Barbara said nothing, but smiled her cold, polite smile, which even Jack had to admit was fairly ghastly in the light of dawn.
Susan pulled down the blanket just enough to uncover Harmon’s brow and eyes. Holding her coat closed at the throat, she leaned down and kissed his fore-head. His eyes fluttered open, struggled to focus, gave up the struggle, and closed again. Susan pulled the blanket back over his head.

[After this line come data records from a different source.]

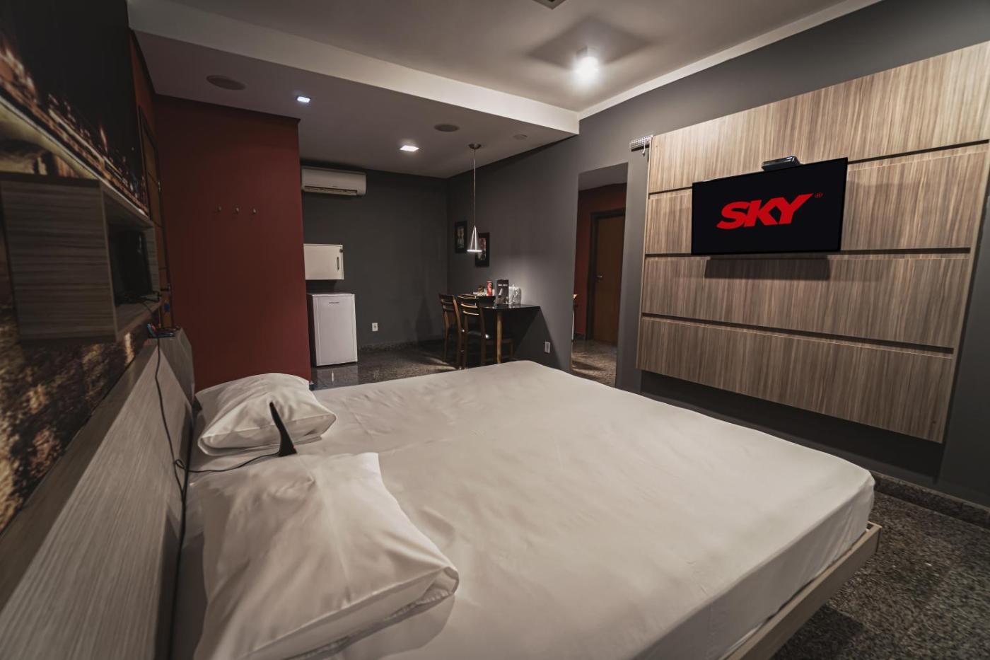 Suite com Banheira de Hidromassagem. Featuring a private entrance, this air-conditioned suite is comprised of 1 bedroom and 1 bathroom with a walk-in shower and a bath. This suite features soundproof walls, a minibar, flat-screen TV with cable channels, as well as winechampagne for guests. The unit offers 1 bed. ;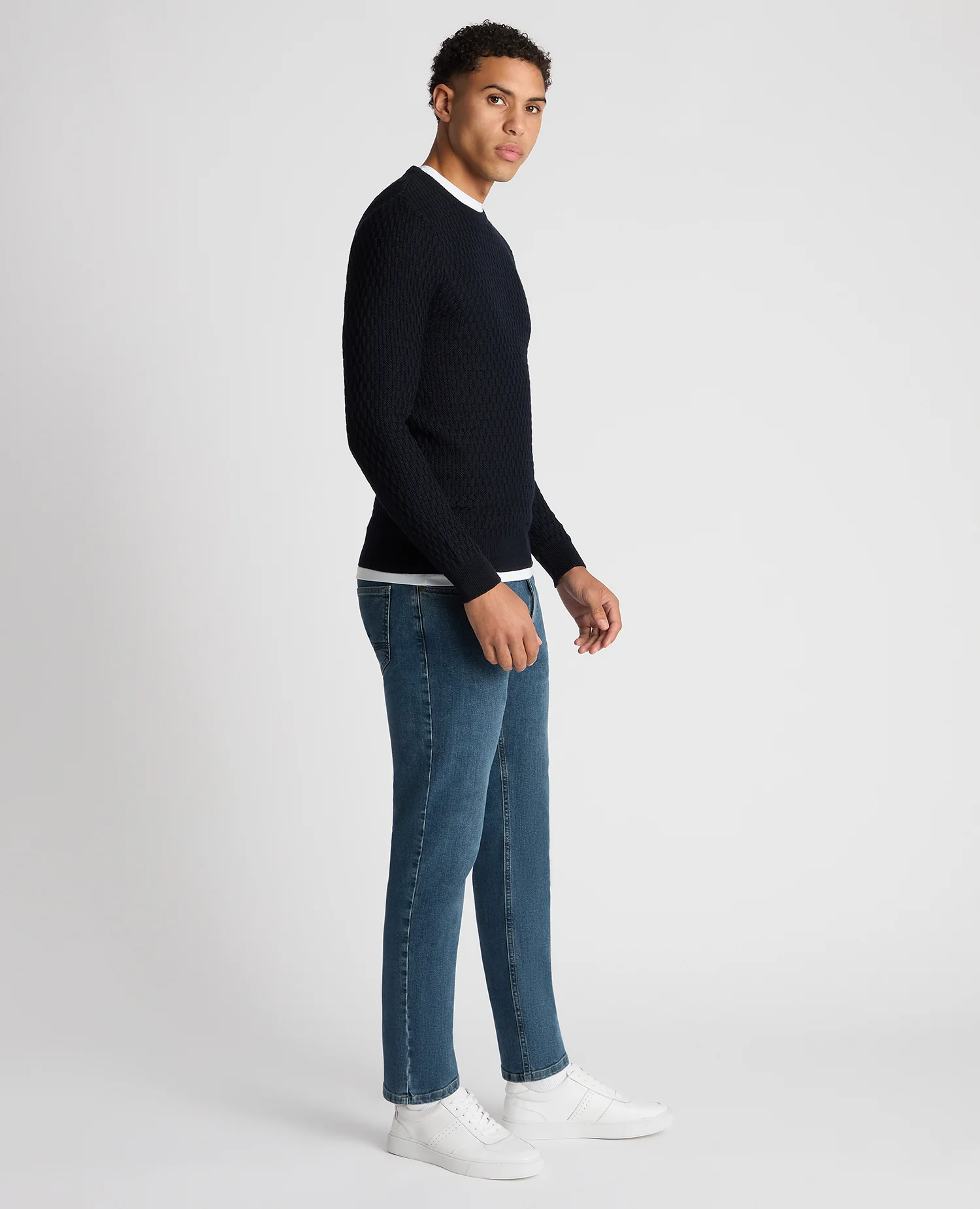 Navy tapered fit merino wool-blend crew neck sweater with all over basket weave knit structure. Ribbed collar, cuffs and hem.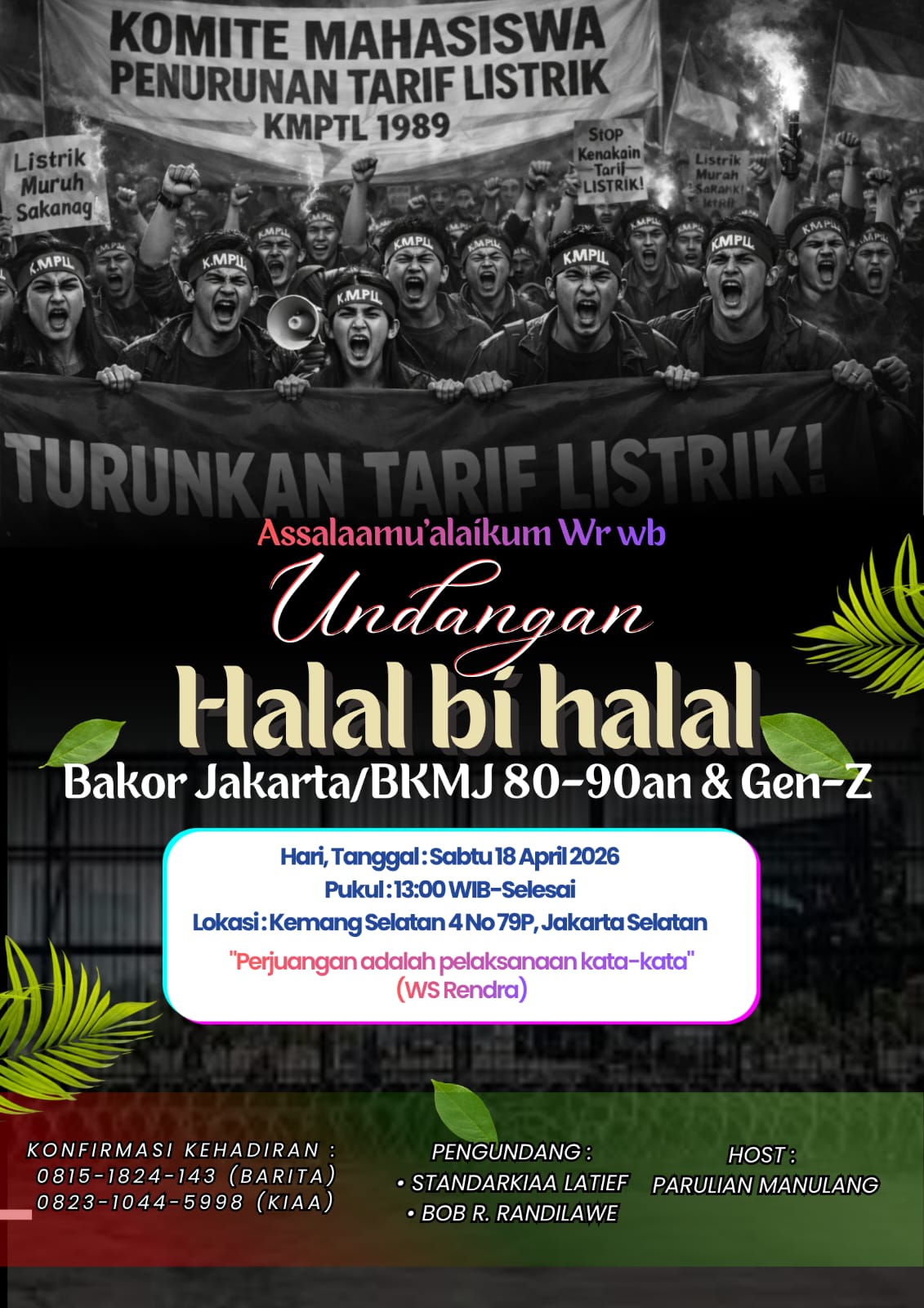 Dalam undangan yang beredar, panitia menyematkan kutipan inspiratif dari W.S. Rendra, “Perjuangan adalah pelaksanaan kata-kata”, yang menggambarkan semangat konsistensi antara gagasan dan tindakan dalam kehidupan sosial maupun politik.

Jack’s Lincoln LeBaron roadster was parked around the corner. It was a powerful car with a twelve-cylinder engine and was capable of a hundred and fifty horsepower. It cost a great deal more than the annual salaries of most men in New York. Jack himself couldn’t have afforded the thirty-five-hundred-dollar price tag, but the car was yet another bankruptcy spoil given the firm of Rhinelander, Rhinelander, and Dodge in payment for services rendered. And as Harmon Dodge already had four automobiles, this one came to Jack. Jack was not ashamed to take the gift, for he had done all the work on the case and felt it was his due. He was enormously proud of the machine, and even if he had had his choice, he would have picked the same viridian the body was painted and the same black leather upholstery. The only thing he would have had different were the tiny initials on the dashboard cubbyhole. Instead of RBW—whatever poor bankrupt that was, he would have put JAB—John Austin Beaumont. But such a small matter was hardly enough to damage the enjoyment he felt in the car—after all, the letters were very small and hardly likely to be noticed.

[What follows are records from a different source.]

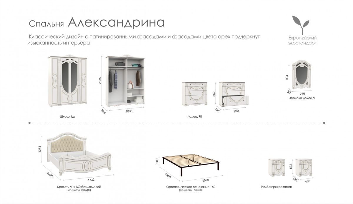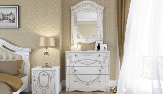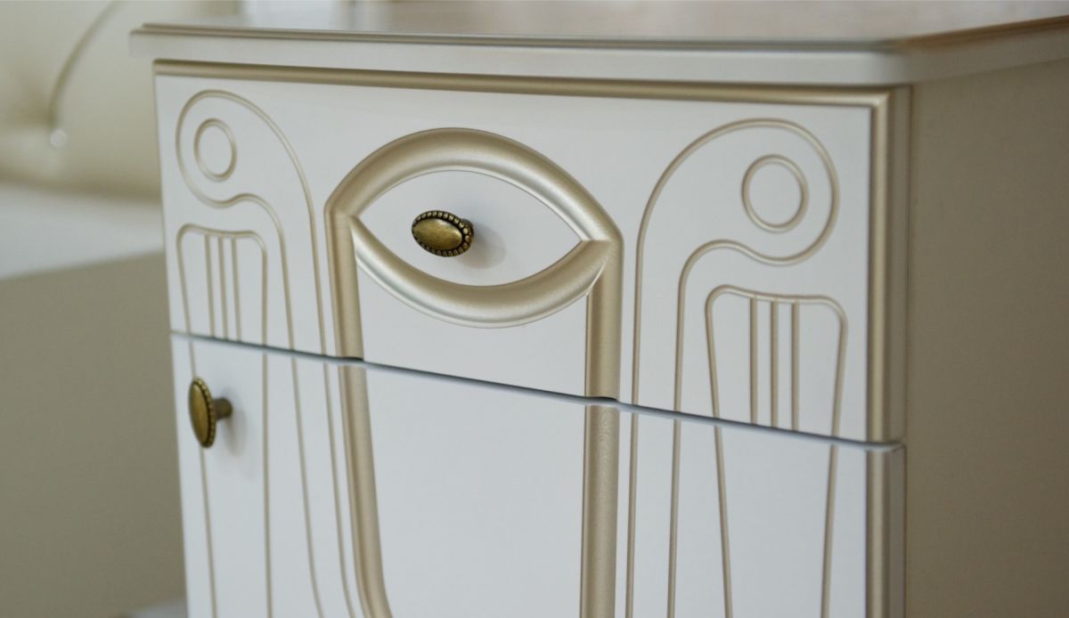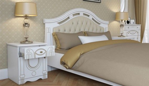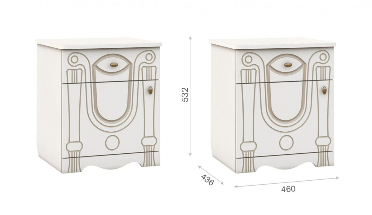Прикроватные тумбы выполнены в итальянском стиле - олицетворение гармонии, сочетание роскоши и величия, спокойствия и уюта. Крашеные фасады из МДФ декорированы мотивом классической архитектуры «Античная лира» и изображением колонн по краям модуля. Прикроватные тумбы с ящиками на телескопических направляющих поместят в себя все вещи, которые важно иметь под рукой - телефон, светильник или любимая книга. Идеально дополняют кровать Александрина.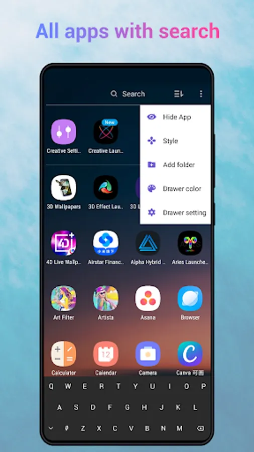 Creative Launcher ❤️ is a unique launcher with innovative features, its drawer have smart A-Z keyboard to help you find and open apps very quickly, it is a quick and smart launcher, it also has many launcher features like other normal launchers.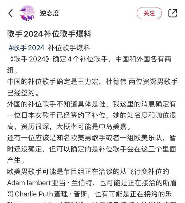 网传《歌手2024》确定4个补位歌手,中外各两组。其中已确定的有王力宏、杜德伟,还有一位已经签约的补位歌手是日本咖位很高的女歌手,大概率是中岛美嘉。除此以外,亚当·兰伯特、"断眉"查理·普斯、共和时代也正在洽谈中,会有其中一个来补位。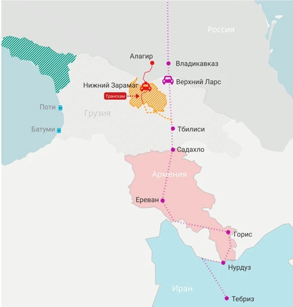 კრემლის ანალიტიკოსების იდეის თანახმად, ახალმა მაგისტრალმა რაჭის ტერიტორიაც, კერძოდ სოფელი გლოლა და ონი უნდა გაიაროს, შემდეგ ქვაისაში ჩავიდეთ, ცხინვალის და თბილისის გავლით სადახლომდე, შემდეგ სომხეთში და აქედან კი ირანში უნდა გაგრძელდეს.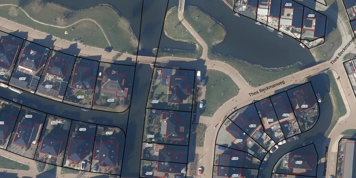 Thea Beckmanweg 33 is gelegen op kadastraal perceel SDE02B4005. Deze kadastrale aanduiding is uniek en wordt gebruikt door het Kadaster om eigendomsrechten en andere zakelijke rechten vast te leggen. Het perceel maakt onderdeel uit van de kadastrale gemeente Stede Broec.

“Who is RBW?” asked Susan Bright as soon as he’d come round to the other side. “Isn’t your name Beaumont?”
“The former owner of the car,” said Jack, his enjoyment in the automobile damaged. He really would have preferred that this young woman, who was obviously impressed with money, since she was doing so much to snag Harmon, think that he had bought the car outright. But at least she could still think that he had paid for it, even if he’d purchased it second-hand.
The morning was cold, and a drizzle sometime during the night had left the sidewalks and streets slick with a thin layer of ice. The car was cold, and the automatic starter, which had originally added over a hundred dollars to the price of the automobile, wouldn’t automatically start. Susan huddled in her coat, and blew on her hands to warm them. She did not make polite conversation, though Jack reflected that perhaps she had had enough of Beaumont politeness in her exchanges with Barbara. As he repeatedly pressed the starter, Jack glanced sidewise at Susan and hardened his heart against her black hair, her translucent skin, her coat that was really too thin and not proper protection against January cold in New York.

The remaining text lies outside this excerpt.